Working Papers

‘After the House Price Boom’

Peter Saunders (the CIS one, not the hairy lefty) has an article in the latest issue of Policy on ‘After the House Price Boom.’  Peter credits me with commenting on an earlier version of his paper, without implicating me in the argument.  Here I highlight some of my disagreements with the final version.

One of Peter’s main concerns is the growing wealth difference between owners and renters of property supposedly attributable to the boom in house prices.  However, the issue here is not so much home ownership as saving, which is what separates these two types of household.  Home owners could have put their savings in alternative asset classes and achieved similar, if not better, results.  Home ownership is just a proxy for household saving behaviour, which is what is really driving the wealth gap between these two types of households (I take up the issue of the national household saving ratio below). 

Peter argues that house price inflation gives rise to ‘booty capitalism:’

When passive ownership of a house delivers riches far beyond what most people could accumulate from many years of working and saving, traditional virtues emphasising hard work, saving, enterprise and deferred gratification are likely to get eroded, yet these are values on which capitalist liberal democracy ultimately depends.

To the contrary, I would argue that home ownership and buying-to-rent are both saving and investing and the rising value of housing equity is the return on that activity.  There is a popular prejudice against capital gains as unearned income, but this ignores the work and saving that had to take place to fund the acquisition of the asset that appreciates in price (which is just the capitalised value of future earnings on the asset).  This is why taxing capital gains is double-taxation, equivalent to taxing the return on any other type of saving that takes place out of after-tax income.
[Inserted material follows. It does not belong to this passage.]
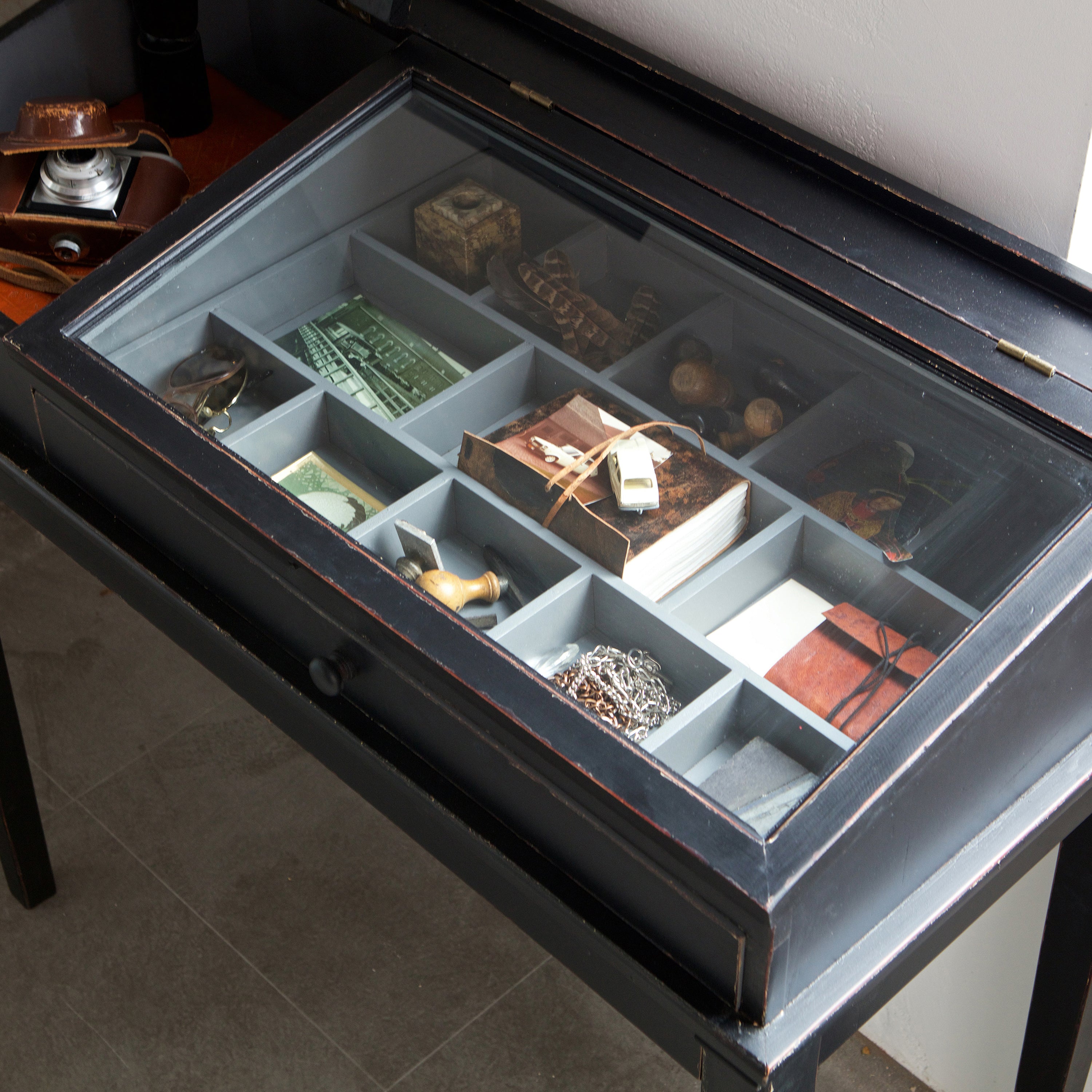 - Stoere vitrinekast van H 98 x B 101 x D 46 cm

Like many others, Peter singles out negative gearing as a culprit in house price inflation, noting that ‘this arrangement is unique to Australia.’  This is because taxing capital gains is (almost) unique to Australia, not negative gearing!  Australia’s tax treatment of capital gains is far from generous by international standards (which is not to say that it isn’t highly distortionary when combined with other features of the tax system).  In the US, for example, generous rollover relief is available to capital gains on owner-occupied housing, while mortgage interest payments are tax-deductible for owner-occupiers.  New Zealand has no general capital gains tax regime, so investment property is capital gains tax free.

Peter argues that negative gearing causes taxpayers to ‘forfeit over $1 billion of revenue every year to make houses more expensive than they would otherwise be.’  This ignores the very positive impact that negative gearing has on housing supply and rental affordability.  Given the long-run equilibrium relationship we would expect to see between rental yields and house prices, it should also contribute to more moderate long-run growth in house prices.  It should go without saying that the increased supply of rental property is valuable to low income earners.

As I think Peter would agree, the problem is not that we tax capital gains concessionally, but that our punishingly high marginal rates of income tax encourage people to minimise their taxable income through negative gearing.  This is an argument for lowering income taxes to remove this distortion, not for increasing Australia’s already rather anomalous double taxation of capital gains.

Peter highlights the fact that Australia’s household saving ratio has turned negative in recent years, but this is an artefact of the deduction the ABS makes for depreciation of the housing stock, which makes sense from a national accounting perspective, but is a very counter-intuitive way of looking at household saving behaviour.  This actually becomes more pronounced the more people invest in housing.  Without this deduction, Australia’s household saving ratio is still positive.  Moreover, the decline in the household saving ratio is a secular phenomenon over decades, not something driven by recent developments in house prices.  National saving as a share of GDP has not changed significantly in recent years.

Peter makes some useful suggestions for policy changes that could benefit housing supply and potentially lower the rate of growth in house prices.  But there is potentially a conflict between Peter’s desire to increase rates of home ownership one the one hand, while maintaining housing affordability on the other.  Policies to increase rates of home ownership are likely to contribute positively to the capitalisation of the housing stock.  This is why supply-side solutions are so important if the goal is to maintain housing affordability and increase rates of home ownership.